* _INSTRUCTIONS FOR THE TASK_: Instruction for the entries below: return the part that opens with the line containing "businessman drinking coffee at hotel room" and closes with the line containing "Ink signature, as", exactly, and no pictures.

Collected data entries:
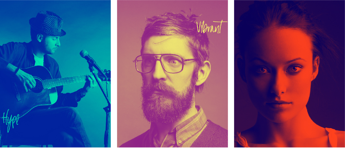Dans la catégorie des tendances de couleur, les images « duotone » sont aussi en vue. Il peut s’agir de superposer 2 images monochrome (toujours dans des tons vifs) ou de créer des ombres colorées sur une même image. Ce genre de principe graphique permet aussi de donner une unité visuelle et graphique à un document. Le rendu est une image dont les couleurs apparaissent plus vives, encore plus colorées, et donc globalement plus séduisante.
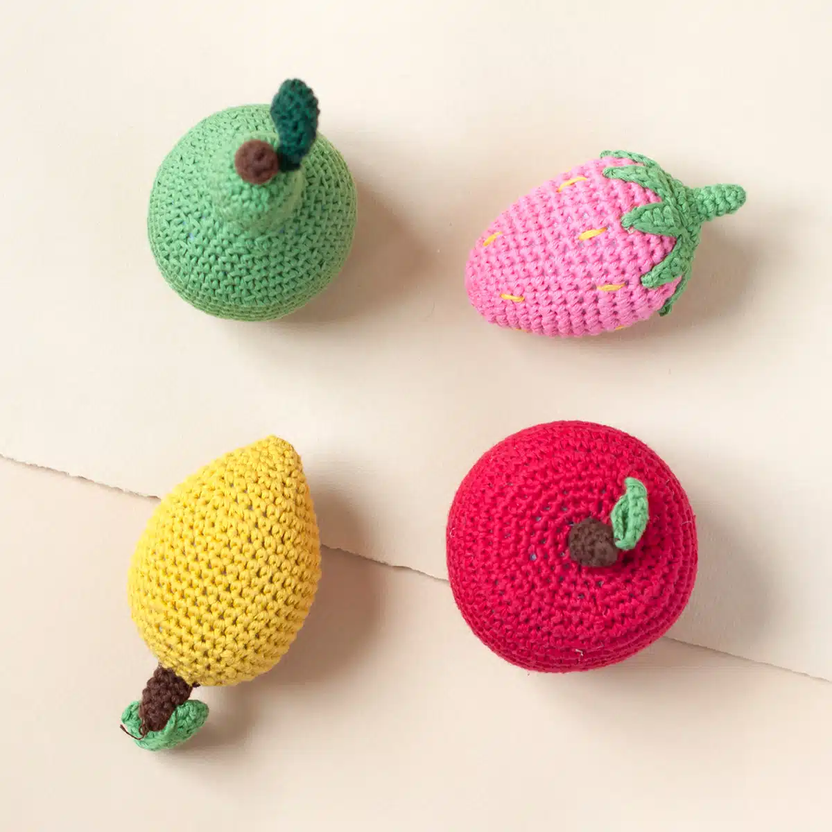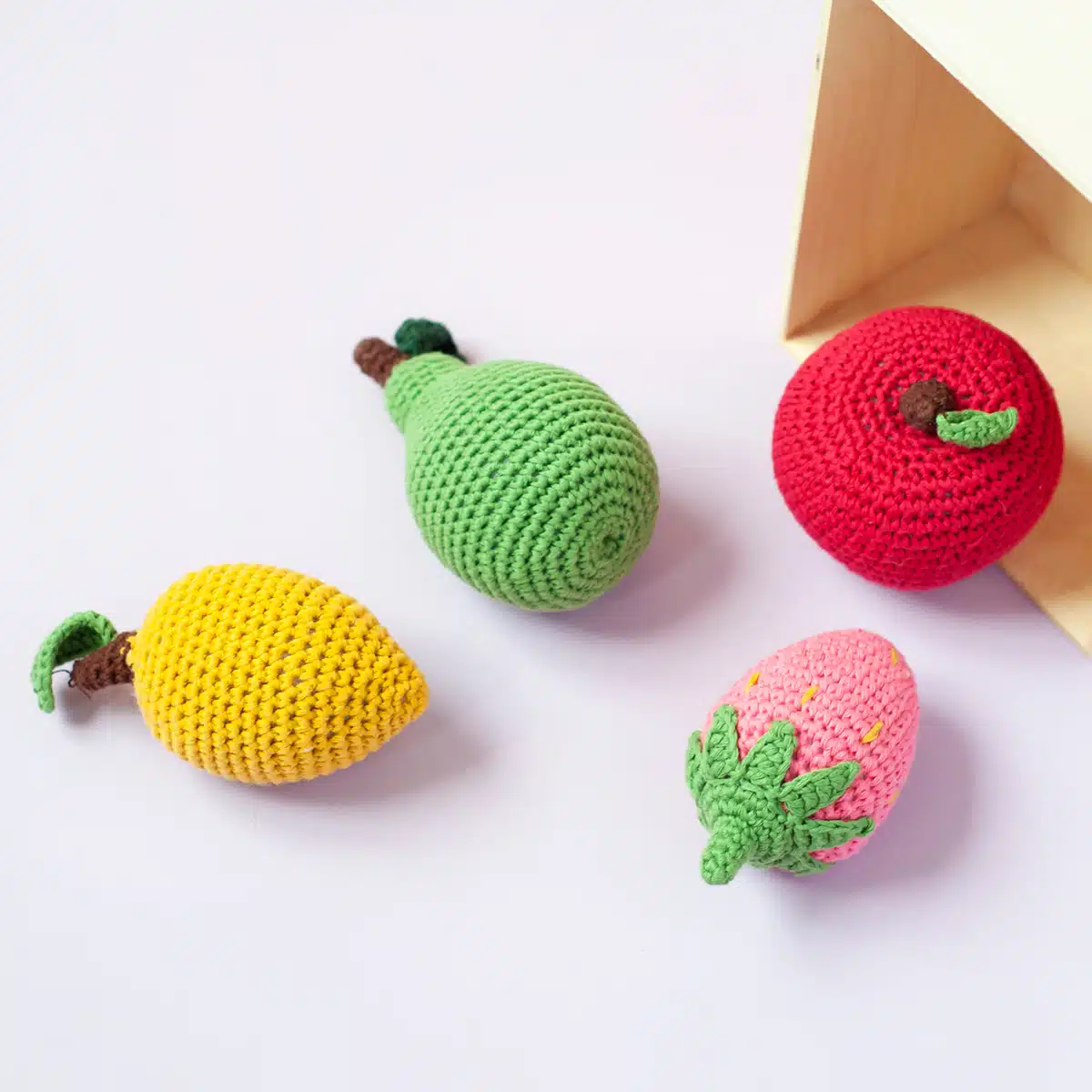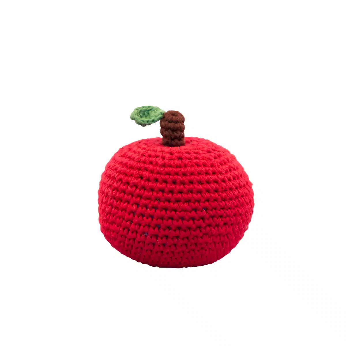 Een vrolijke, zachte, handgemaakte rammelaar in de vorm van een appel.
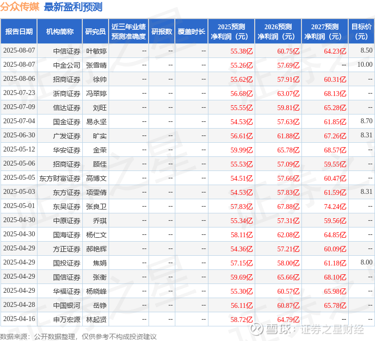 最新盈利预测明细如下:
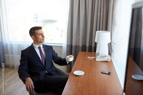 businessman drinking coffee at hotel room
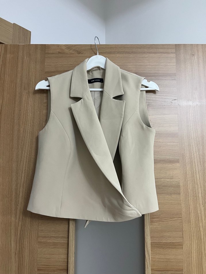 Bej süet kumaştan, kolsuz ve düğmeli, kısa boy, regular fit mini yelek. Ofis ve günlük şıklık için uygundur.
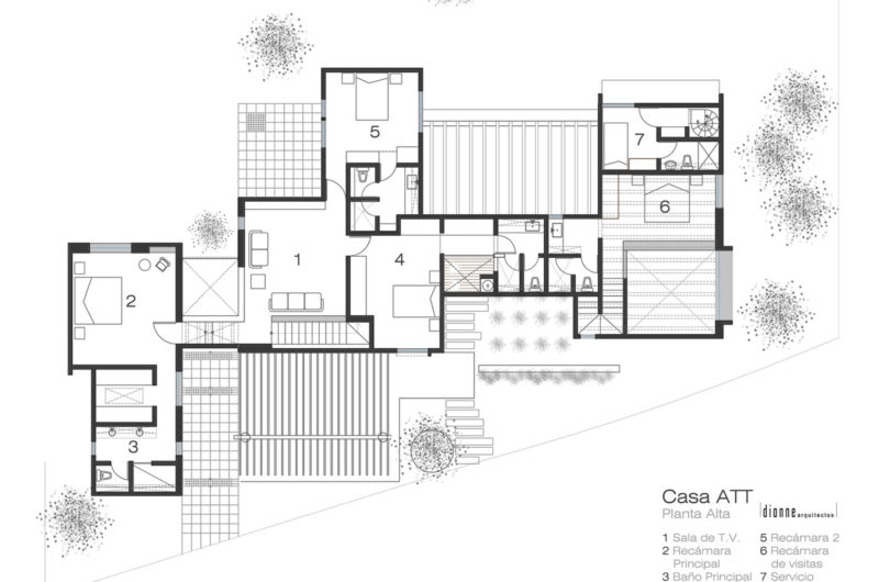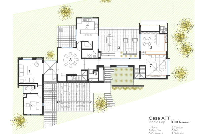 Finished in 2013 by Dionne Arquitectos, Casa ATT is a modern, welcoming and comfortable residence that is located in Puebla, Mexico. At a glance, this home impresses with a contemporary design that involves a white façade complemented by wooden elements. At the rear of the house, a terrace features comfortable seating arrangements and tables that can be used for socialization and relaxation purposes by the lucky owners and their guests.
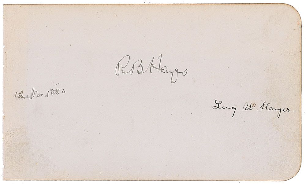Ink signature, as president, “RB Hayes, 12 Nov 1880,” and “Lucy W. Hayes,” on an off-white 6.75 x 4 album page. Some scattered light toning and soiling to edges, otherwise fine condition.
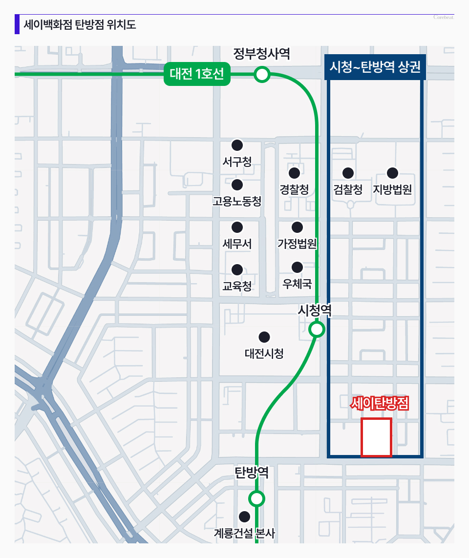 24일 부동산 업계와 온비드에 따르면, 계룡건설은 8월말 대전광역시 서구 탄방동 744에 위치한 ‘세이백화점 탄방점’을 공매를 통해 인수했다. 이 자산은 토지 3890㎡(약 1177평), 건물 2만 8501㎡(약 8622평) 규모다.

* _ANSWER SECTION_:
 businessman drinking coffee at hotel room
 Bej süet kumaştan, kolsuz ve düğmeli, kısa boy, regular fit mini yelek. Ofis ve günlük şıklık için uygundur.
 Finished in 2013 by Dionne Arquitectos, Casa ATT is a modern, welcoming and comfortable residence that is located in Puebla, Mexico. At a glance, this home impresses with a contemporary design that involves a white façade complemented by wooden elements. At the rear of the house, a terrace features comfortable seating arrangements and tables that can be used for socialization and relaxation purposes by the lucky owners and their guests.
Ink signature, as president, “RB Hayes, 12 Nov 1880,” and “Lucy W. Hayes,” on an off-white 6.75 x 4 album page. Some scattered light toning and soiling to edges, otherwise fine condition.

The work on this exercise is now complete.